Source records
_ _ _ _ _ _ _
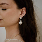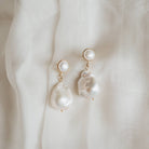 Natural freshwater Baroque pearls hang from gold plated bezels set with 8mm freshwater pearls and sterling silver stud posts.
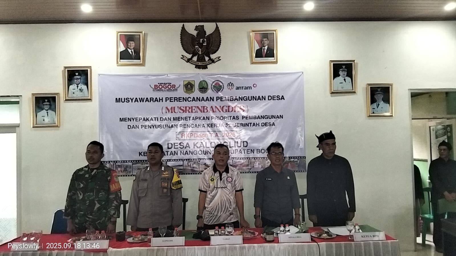 Bogor – Bhabinkamtibmas Desa Kalongliud Polres Bogor Polda Jawa Barat Bripka Dody Yudha bersama Babinsa Desa Kalongliud Serda Supriyadi menghadiri kegiatan Musyawarah Perencanaan Pembangunan Desa (Musrenbang RKPDes) Desa Kalongliud Kecamatan Nanggung Tahun Anggaran 2026. Kegiatan ini berlangsung di Aula Kantor Desa Kalongliud Kecamatan Nanggung Kabupaten Bogor pada Kamis (18/09/2025).
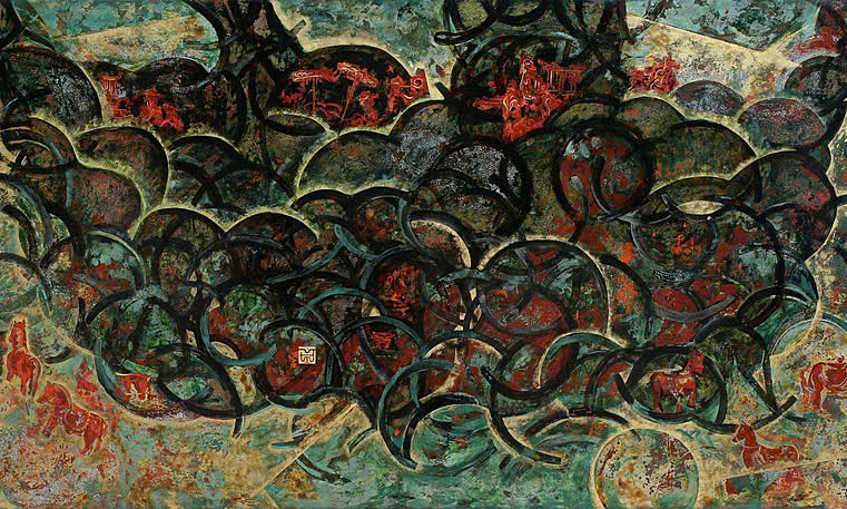 Trà Mi phác thảo bức vẽ từ đầu năm, bắt đầu thực hiện vào khoảng tháng 3-4. Trong tranh, cô sử dụng tượng ngựa đá, quan văn, quan võ ở các khu lăng tẩm tại Huế, biểu trưng cho quá khứ. Từ đây, một khối cây lớn được dựng lên với những cành đan cài, chồng chéo, tạo cảm giác những hình ảnh xưa đang dần tan ra, hòa vào không gian, để lại phía sau các pho tượng trơ trọi. Qua tác phẩm, Trà Mi gửi gắm suy nghĩ về sự tồn tại của những hiện vật cũ và giá trị của chúng ở hiện tại, thể hiện niềm trân trọng quá khứ.
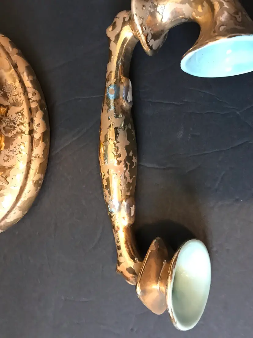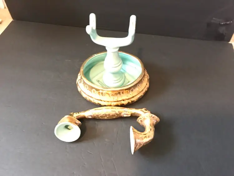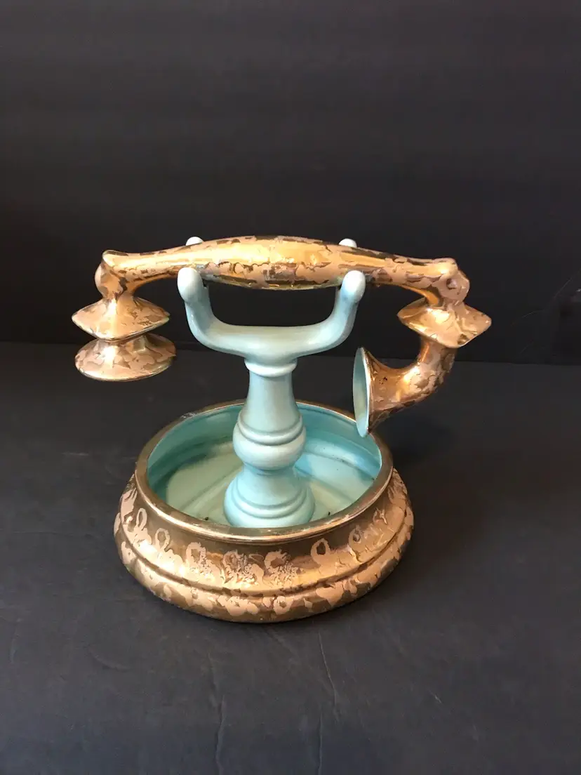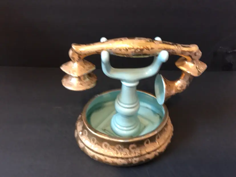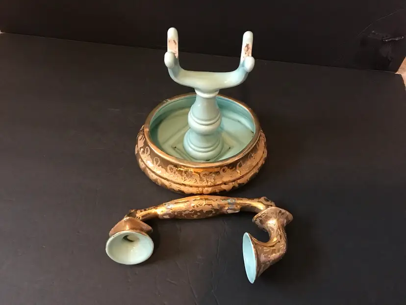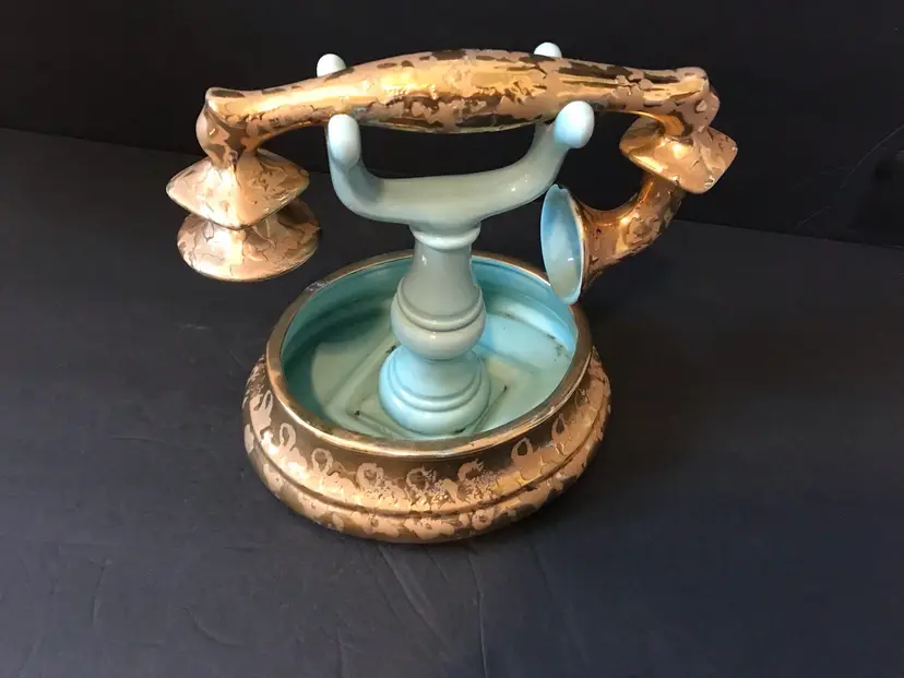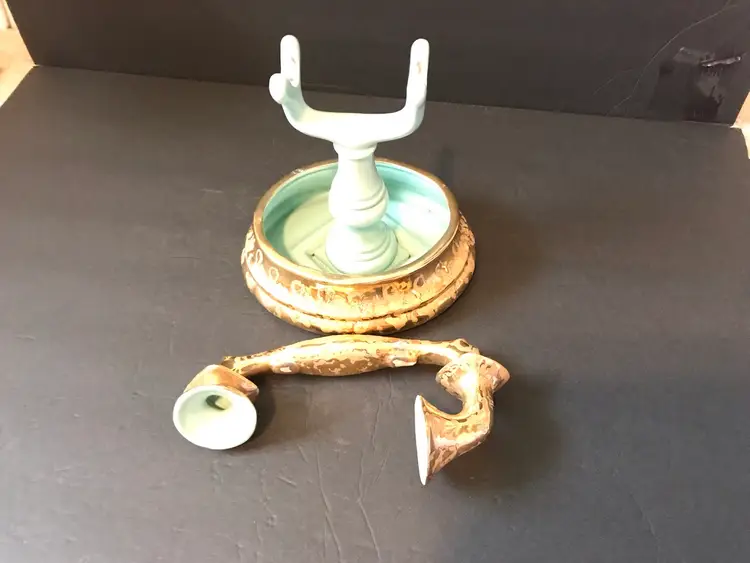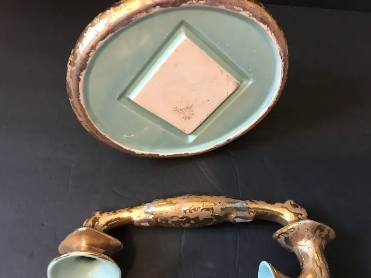 No chips or cracks Measuring 8" tall x 9" wide. Good light use and wear as shown, see photos… I can’t find one this color. I found them totally covered in the weeping gold just like this just no blue. I was told it might be a pottery not stangl. I could not verify that either so I am putting this disclaimer on here because while I believe it is stangl but I can’t find that color anywhere.
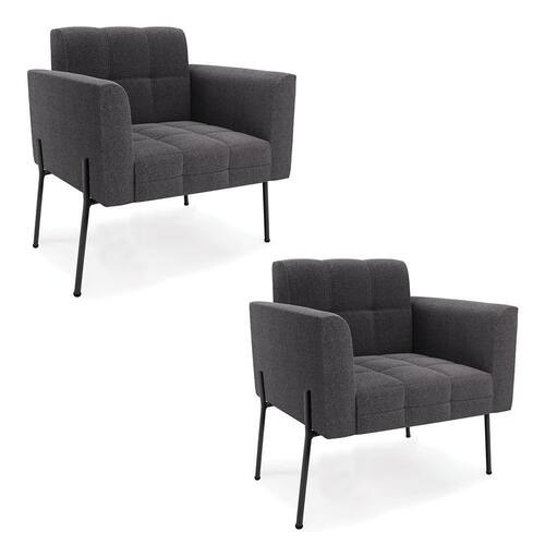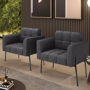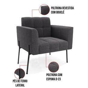 A Poltrona Elisa é uma poltrona que combina elegância, conforto e durabilidade. Ela tem um design retrô e sofisticado, com Pés Laterais de Ferro Preto e revestimento em tecido Bouclê Grafite, que harmonizam com qualquer ambiente. Ela é ideal para sala de estar, recepções, escritórios, cozinhas ou qualquer outro espaço que você queira decorar com estilo e bom gosto. Ela tem uma estrutura em madeira de reflorestamento eucalipto, que garante a resistência e a sustentabilidade do produto. Ela suporta até 120 kg de peso, podendo ser utilizada por pessoas de diferentes biotipos. Ela tem um acabamento reforçado e espuma de qualidade D23, que oferece maciez e aconchego. Ela contém detalhes de costura no encosto e assento, resultando em um acabamento impecável, conferindo muito mais valor e elegância ao produto. A Poltrona Elisa é um móvel de alta qualidade, beleza e funcionalidade. Ela é fácil de transportar, pois tem um peso leve e um tamanho compacto. A Poltrona Elisa é um produto que vai fazer a diferença na sua decoração e no seu bem-estar. Ela vai trazer charme, conforto e durabilidade para o seu ambiente. Aproveite essa oferta e leve para casa uma poltrona de qualidade por um preço incrível. Essa é a sua chance de ter uma poltrona maravilhosa por um preço imperdível. Corra e garanta seu Kit 2 Poltronas antes que acabe o estoque!
_ _ _ _ _ _ _
Exact repeats of the lines from the first one in the data through the line containing "No chips or" make up the answer. Pictures do not.

 Natural freshwater Baroque pearls hang from gold plated bezels set with 8mm freshwater pearls and sterling silver stud posts.
 Bogor – Bhabinkamtibmas Desa Kalongliud Polres Bogor Polda Jawa Barat Bripka Dody Yudha bersama Babinsa Desa Kalongliud Serda Supriyadi menghadiri kegiatan Musyawarah Perencanaan Pembangunan Desa (Musrenbang RKPDes) Desa Kalongliud Kecamatan Nanggung Tahun Anggaran 2026. Kegiatan ini berlangsung di Aula Kantor Desa Kalongliud Kecamatan Nanggung Kabupaten Bogor pada Kamis (18/09/2025).
 Trà Mi phác thảo bức vẽ từ đầu năm, bắt đầu thực hiện vào khoảng tháng 3-4. Trong tranh, cô sử dụng tượng ngựa đá, quan văn, quan võ ở các khu lăng tẩm tại Huế, biểu trưng cho quá khứ. Từ đây, một khối cây lớn được dựng lên với những cành đan cài, chồng chéo, tạo cảm giác những hình ảnh xưa đang dần tan ra, hòa vào không gian, để lại phía sau các pho tượng trơ trọi. Qua tác phẩm, Trà Mi gửi gắm suy nghĩ về sự tồn tại của những hiện vật cũ và giá trị của chúng ở hiện tại, thể hiện niềm trân trọng quá khứ.
 No chips or cracks Measuring 8" tall x 9" wide. Good light use and wear as shown, see photos… I can’t find one this color. I found them totally covered in the weeping gold just like this just no blue. I was told it might be a pottery not stangl. I could not verify that either so I am putting this disclaimer on here because while I believe it is stangl but I can’t find that color anywhere.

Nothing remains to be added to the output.